= Introduction to Star Fleet Battles =

Game supplement

Introduction to Star Fleet Battles is a supplement published by Task Force Games in 1986 for the science fiction combat game Star Fleet Battles that is inspired by the TV series Star Trek.

==Description==
Introduction to Star Fleet Battles is an introductory version of the game intended to help players learn the Star Fleet Battles rules as they play. Through a series of six modules, new players ("cadets") are introduced first to maneuvering a small ship and firing weapons, and then to more complex systems. The cadet is then promoted to lieutenant and if the player can successfully negotiate the final module, "The Tholian Web", the player is deemed ready to participate in the full Star Fleet Battles game.

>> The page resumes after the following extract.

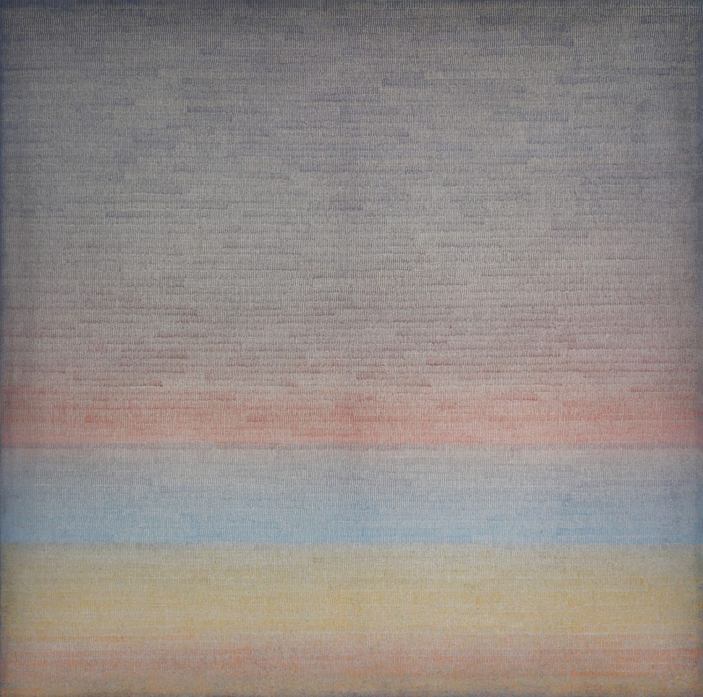 他执着得近乎偏执。自90年代末至今,二十多年来的每一天他都在画布上做着重复的工作:画下如“1”般的一道,又一道,不厌其烦,永无止境,如西西弗斯般奔赴无尽的宿命;他选择“赤裸”,选择了一笔不改的创作方式,每一道笔触都是他无可遮蔽的真实当下,如走钢索般屏息落下审慎的一笔,西方艺术家常惊异于他不借助任何工具却能精准如矩;他有重度的创作洁癖,创作前不仅洒扫工作室,更必须将自己置于杂念与纷扰之外,时刻警惕着自己落入惯性的陷阱,保持机警的觉知,却向未知全然敞开。艺术对于艺术家意味着什么?这个选择展现了艺术家的真相:艺术是艺术家获得愉悦、释放的出口,还是一场寻求真理的持修苦行?在这个艺术品价格决定价值的时代,还有多少人会相信,艺术不仅是消遣、投资,还可能是一个对良知负有责任的壮举?当下充斥着尼采预言的“末人”(Last Man),将自我投掷于虚妄的感官享受中不知餍足,“崇高”和“理想”这样的词汇已变得陌生,静默与庄严只属于越来越少的灵魂,无法满足日益麻木的重口厚味。但显然,周洋明用日复一日的执拗和清理,走向了那条静默的路。最简单的一道线,任何人都会画。周洋明选择在中国当代艺术走向浓重商业化的新世纪交界点,放下吸引眼球的奇技淫巧,放下“这么简单也是艺术吗?”的他者质疑,用一道线,开启绵绵无绝期的反对——反对“艺术必须超常”、“艺术对常人不可及”的创作观念,更反对“看不见”等于“不存在”的实用主义。威尼斯双年展策展人奥利瓦这样评价他:“周洋明作品中转喻的使用和选择产生于深刻的政治意识,周洋明的作品代表一种持续的反对,这种反对作为一种在现实和艺术语言的矛盾的不可化约性的良知而存在。”
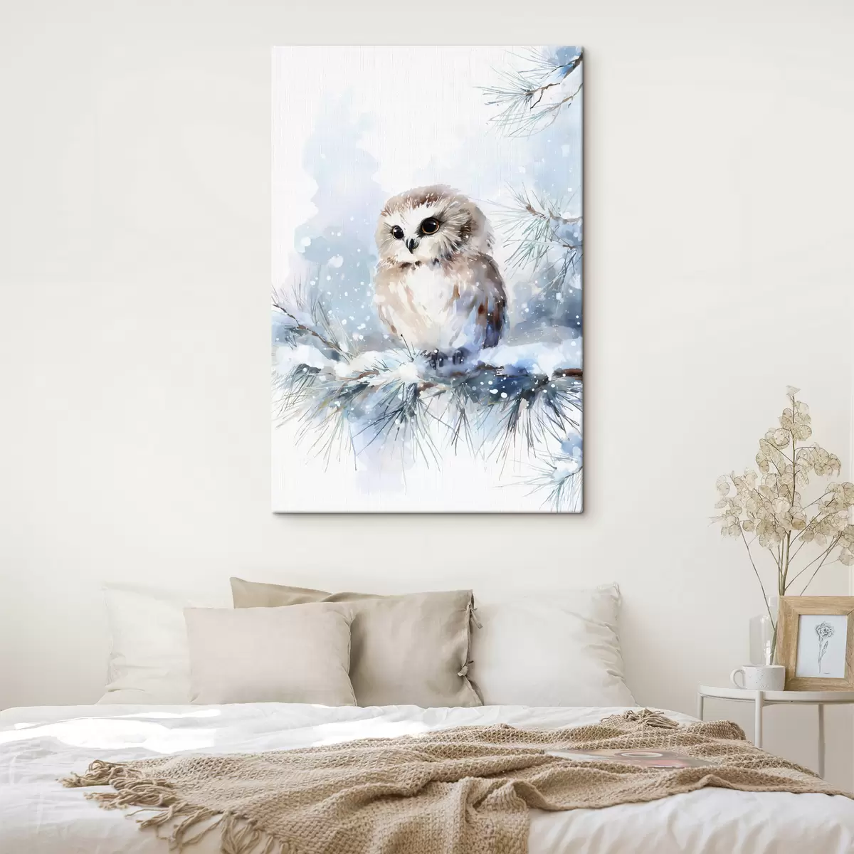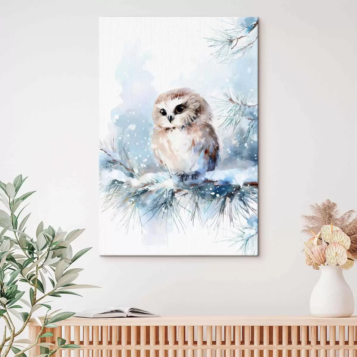 Schilderij schattige uil op een met sneeuw bedekte dennenboomtak in aquarelstijl Art. s47115

The supplement includes a 48-page rulebook, nine starship diagrams, a hex map and 54 die-cut counters.

==Publication history==
Task Force Games published Star Fleet Battles in 1979, and reviewers quickly noted its extreme complexity. Seven years later, Task Force Games published Introduction to Star Fleet Battles, written by the original game designer Stephen V. Cole, as a means of teaching new players the various layers of complexity, one layer at a time.

==Reception==
In the June–July 1986 edition of Adventurer (Issue 2), Stephen Dillon called this "A well planned introduction to SFB of benefit to new players and clubs wishing to taste the excitement of Star Fleet command. Introduction to SFB also serves as an excellent solo instruction module."

In the November 1986 edition of White Dwarf (Issue #83), Phil Frances recommended this for new players, saying, "This product is a handy starter for those who didn't understand its fully-fledged big brother, or simply want to test the waters before splashing out on the system."